Von der Leyen se curtió en las carteras de la CDU durante los gobiernos de Merkel –empezó en Asuntos Familiares, temas de viejos, mujeres y tal, pero terminó en Defensa, que le tiraría bastante más– y finalmente se postuló en 2019 como la mujer que relevaría a Juncker al frente de la Comisión. De su paso por el Ministerio de Defensa alemán se recuerda, sobre todo, su impulso de las políticas de conciliación, permisos y guarderías para el ejército federal; eso, y que armó hasta los dientes a los peshmerga en Irak. En su candidatura a presidir la Comisión fue apoyada por Macron, que con su je ne sais quoi acaba metido en todos los perejiles.
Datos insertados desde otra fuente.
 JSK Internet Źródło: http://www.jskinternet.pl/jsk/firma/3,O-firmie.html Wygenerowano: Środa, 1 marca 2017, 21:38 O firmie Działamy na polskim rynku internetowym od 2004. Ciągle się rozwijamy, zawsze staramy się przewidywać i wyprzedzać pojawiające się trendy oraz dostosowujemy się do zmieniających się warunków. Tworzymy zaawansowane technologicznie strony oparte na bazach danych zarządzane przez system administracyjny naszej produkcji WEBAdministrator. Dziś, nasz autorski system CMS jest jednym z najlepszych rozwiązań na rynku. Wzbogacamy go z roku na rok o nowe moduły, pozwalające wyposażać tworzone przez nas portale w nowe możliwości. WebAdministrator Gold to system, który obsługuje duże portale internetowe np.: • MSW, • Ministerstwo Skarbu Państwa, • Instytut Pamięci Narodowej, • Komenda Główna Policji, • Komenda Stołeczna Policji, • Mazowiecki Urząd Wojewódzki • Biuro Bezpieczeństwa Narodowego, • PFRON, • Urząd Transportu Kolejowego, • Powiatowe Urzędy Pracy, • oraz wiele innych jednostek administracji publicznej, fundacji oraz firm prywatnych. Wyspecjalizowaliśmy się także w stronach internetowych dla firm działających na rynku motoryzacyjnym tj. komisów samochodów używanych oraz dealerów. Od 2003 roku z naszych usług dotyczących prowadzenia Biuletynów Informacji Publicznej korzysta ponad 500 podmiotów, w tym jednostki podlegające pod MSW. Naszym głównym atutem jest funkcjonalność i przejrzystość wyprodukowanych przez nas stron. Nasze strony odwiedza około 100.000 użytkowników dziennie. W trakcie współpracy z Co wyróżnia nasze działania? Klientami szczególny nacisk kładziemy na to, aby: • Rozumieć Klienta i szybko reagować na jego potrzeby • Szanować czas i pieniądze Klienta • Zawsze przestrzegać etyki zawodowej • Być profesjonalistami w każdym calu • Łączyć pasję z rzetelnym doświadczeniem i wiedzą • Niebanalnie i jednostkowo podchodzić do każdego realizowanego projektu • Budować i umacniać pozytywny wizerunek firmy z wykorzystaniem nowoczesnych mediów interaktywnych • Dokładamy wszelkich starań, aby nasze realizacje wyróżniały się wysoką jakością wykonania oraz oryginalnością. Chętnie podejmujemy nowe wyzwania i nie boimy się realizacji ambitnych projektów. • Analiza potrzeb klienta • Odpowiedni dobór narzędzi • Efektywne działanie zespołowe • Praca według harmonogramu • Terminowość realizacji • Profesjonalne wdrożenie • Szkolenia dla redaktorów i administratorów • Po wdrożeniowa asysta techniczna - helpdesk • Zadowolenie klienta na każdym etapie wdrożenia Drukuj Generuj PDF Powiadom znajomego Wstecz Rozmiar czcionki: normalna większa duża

Se la presentó como una mujer solvente, seria, legado Merkel nada menos, alguien para llevar la batuta de una Europa de Derechos y Valores, de Transformación y Resiliencia, remando en favor de la igualdad y rompiendo también los techos de cristal, qué duda cabe. A un año de las próximas elecciones europeas, se desconoce si repetirá mandato, aunque deja ya un legado que marcará para siempre a la Unión. Dijo en su día que a la UE le faltaba “un ideal, un alma, y voluntad política” y en su siniestra dupla con Borrell le ha dotado de las tres cosas… para convertirla en un aparato de guerra.
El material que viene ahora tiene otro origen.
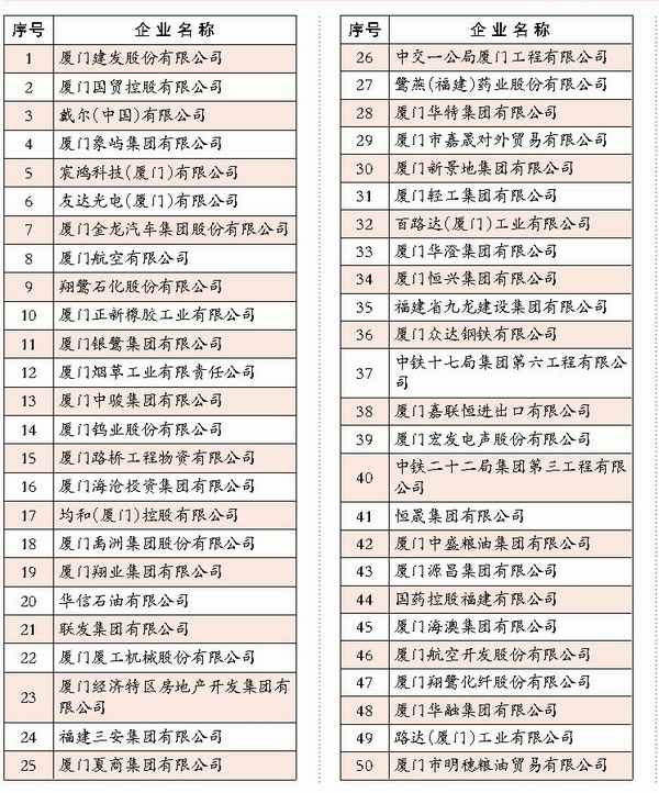 廈門日?qǐng)?bào)《廈企一百?gòu)?qiáng)排行榜揭曉 私營(yíng)企業(yè)占據(jù)半壁江山》

Von der Leyen es, en realidad, lo que la Unión Europea siempre quiso para sí, aunque haya hecho falta una buena dosis de política exterior para darse cuenta. Su sueño para Europa, no lo dudo, debe parecerse mucho a esas películas alemanas que Televisión Española pone en las sobremesas del fin de semana –y no por casualidad–, en las que sale gente rubia en paisajes bávaros, mediterráneos o en vibrantes capitales europeas, donde nadie tiene la piel oscura salvo algún secundario inevitable –una exótica frutera, un taxista, un andaluz, quizás– y los problemas se resuelven con una cena amable, en un atardecer de terraza y copa de vino. No se les ve pelear, ni follar, ni quejarse, ni son pobres, ni tampoco demasiado ricos: una suerte de eurofascismo de bajo presupuesto y serie B. Tienen trabajos en oficinas brillantes y toman café para llevar, y a veces viajan a Barcelona, o a Canarias, o incluso a Chipre, y se encantan con su colorido mestizaje. Sus vidas transcurren como deberían transcurrir las vidas de la Europa de las postales, tan cínica y de color pastel como las rebequitas que calza Von der Leyen. Lástima que el mundo de verdad tenga pateras, y muertos de hambre, y gente protestona que reclama sus derechos humanos básicos y todas esas cosas que pretenden arruinarles la película.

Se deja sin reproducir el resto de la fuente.